Ее уложили в постель. Она лежала больше недели, почти не изменившись внешне, – ее красивое лицо, со столь хорошо мне знакомым решительным и хмурым выражением, как бы застыло. Часто‑часто, днем и ночью, прижавшись щекой к ее подушкам, чтобы она могла лучше расслышать мой шепот, я целовала ее, благодарила, молилась за нее, просила ее благословить и простить меня, умоляла подать хоть малейший знак, что она меня узнает и слышит. Все напрасно! Лицо ее словно окаменело. Ни разу, вплоть до самого последнего мгновения, и даже после смерти, оно не смягчилось.

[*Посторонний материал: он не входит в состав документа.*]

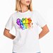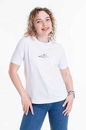 Женская футболка с принтом спереди изготовлена из хлопкового полотна с добавлением лайкры. Футболка с коротким втачным рукавом и круглым вырезом горловины, что придает ей классический стильный вид. Такая модель футболки отлично сочетается с джинсами, брюками или юбкой. Изготовленная из натуральной ткани, футболка обеспечит комфорт в течение всего дня.
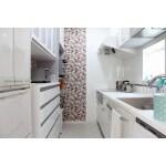 白をベースに仕上げ材を選定し明るさを確保。 キッチンは引き出し収納をメインにし収納力をアップしました。背面収納の一部に家電ストッカーを設置しメインの家電とゴミ箱を収納。既存と作業性を変えない様にカウンター部も確保しました。

На следующий день после похорон моей бедной, доброй крестной джентльмен в черном костюме и белом галстуке снова явился к нам. Он послал за мной миссис Рейчел, и я увидела его на прежнем месте – как будто он и не уходил.
– Моя фамилия Кендж, – сказал он, – запомните ее, дитя мое: контора Кенджа и Карбоя, в Линкольнс‑Инне.
Я сказала, что уже встречалась с ним однажды и помню его.
– Садитесь, пожалуйста… вот здесь, поближе ко мне. Не отчаивайтесь – это бесполезно. Миссис Рейчел, вы осведомлены о делах покойной мисс Барбери, значит мне незачем говорить вам, что средства, которыми она располагала при жизни, так сказать, умерли вместе с нею, и эта молодая девица теперь, когда ее тетка скончалась…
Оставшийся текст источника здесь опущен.